A matéria também foi recentemente objeto de análise por esta 22ª Câmara Cível, por ocasião do julgamento da Apelação Cível nº 70083179903, acórdão da lavra do Exmo. Desembargador Francisco José Moesch, julgado em 12/12/2019, quando, inclusive, acompanhei integralmente o voto lançado pelo ilustre relator, calhando colacionar a ementa do julgado:

APELAÇÃO CÍVEL. TRIBUTÁRIO. EMBARGOS À EXECUÇÃO FISCAL. IPTU. PRELIMINAR DE NULIDADE DAS CERTIDÕES DE DÍVIDA ATIVA. REQUISITOS DE VALIDADE PREENCHIDOS. PRELIMINAR DESACOLHIDA. SOCIEDADE DE ECONOMIA MISTA. CEEE-D. IMUNIDADE RECÍPROCA. ART. 150, VI, ?A?, DA CF. RECONHECIMENTO. ENTENDIMENTO DO STF. REQUISITOS CONFIGURADOS. I) Preenchidos os requisitos dispostos nos art. 202 do CTN e do § 5º do art. 2º da Lei nº 6.830/80, os quais foram verificados na Certidão de Dívida Ativa, não há falar em nulidade. Preliminar desacolhida. II) Embora não contempladas no rol entidades beneficiadas, o Supremo Tribunal Federal vem estendendo a imunidade tributária recíproca às sociedades de economia mista prestadoras de serviço público, desde que preencham determinados requisitos, como no presente caso. APELO PROVIDO. UNÂNIME.(Apelação Cível, Nº 70083179903, Vigésima Segunda Câmara Cível, Tribunal de Justiça do RS, Relator: Francisco José Moesch, Julgado em: 12-12-2019) ? Grifei.
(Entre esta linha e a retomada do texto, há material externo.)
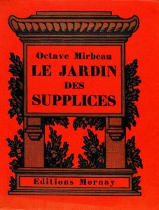 1923. (BIBLIOFILIA). MIRABEAU, OCTAVE: LE JARDIN DES SUPPLICES. Paris: Chez G. & A. Morany Libraires, 1923. 8º mayor. 322 p., 4 h. Illustr. par de Pidoll. Rústica con las cubiertas origininales ilustradas. Ejemplar de los 61 en papel Japon...
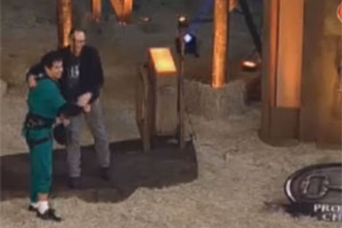 Os peões ficaram presos por um cabo de segurança, que funcionava como uma tirolesa. Cada peão que desistia e se soltava da barra, escorregava pela tirolesa até o meio do Campo de Provas.

Também as demais Câmaras integrantes deste Tribunal de Justiça tem se posicionado pela possibilidade de ser reconhecida a imunidade recíproca à CEEE-GT, a saber:

AGRAVO DE INSTRUMENTO. DIREITO TRIBUTÁRIO. IPTU. EXECUÇÃO FISCAL. EXCEÇÃO DE PRÉ-EXECUTIVIDADE. CEEE-GT. IMUNIDADE RECÍPROCA. CONFIGURAÇÃO. A CEEE-GT presta serviço de transmissão e geração de energia elétrica, que não se confunde com a simples distribuição do serviço realizada pelas empresas concessionárias de distribuição de energia elétrica que atuam no Estado do Rio Grande do Sul, como a CEEE-D, a AES Sul, a RGE, as Cooperativas de Eletrificação Rural e outras. O serviço prestado pela apelante não se dá em regime de livre concorrência, mas por força da delegação de serviço público essencial pela União, nos moldes do art. 21, inc. XII, b, da CF. Para a solução da controvérsia ora posta, há que se fazer a necessária distinção entre as empresas que prestam serviço público em regime de livre concorrência, como é o caso das distribuidoras acima mencionadas, que cobram tarifa para a distribuição de energia elétrica ao usuário, e aquelas empresas delegatárias de serviço público da União, que prestam serviço de geração e transmissão de energia elétrica, como é o caso da CEEE-GT. Reconhecimento da imunidade tributária recíproca. Precedentes do STF e desta Corte. AGRAVO DE INSTRUMENTO PROVIDO, POR MAIORIA.(Agravo de Instrumento, Nº 70082384462, Segunda Câmara Cível, Tribunal de Justiça do RS, Relator: Lúcia de Fátima Cerveira, Julgado em: 27-11-2019) ? Grifei.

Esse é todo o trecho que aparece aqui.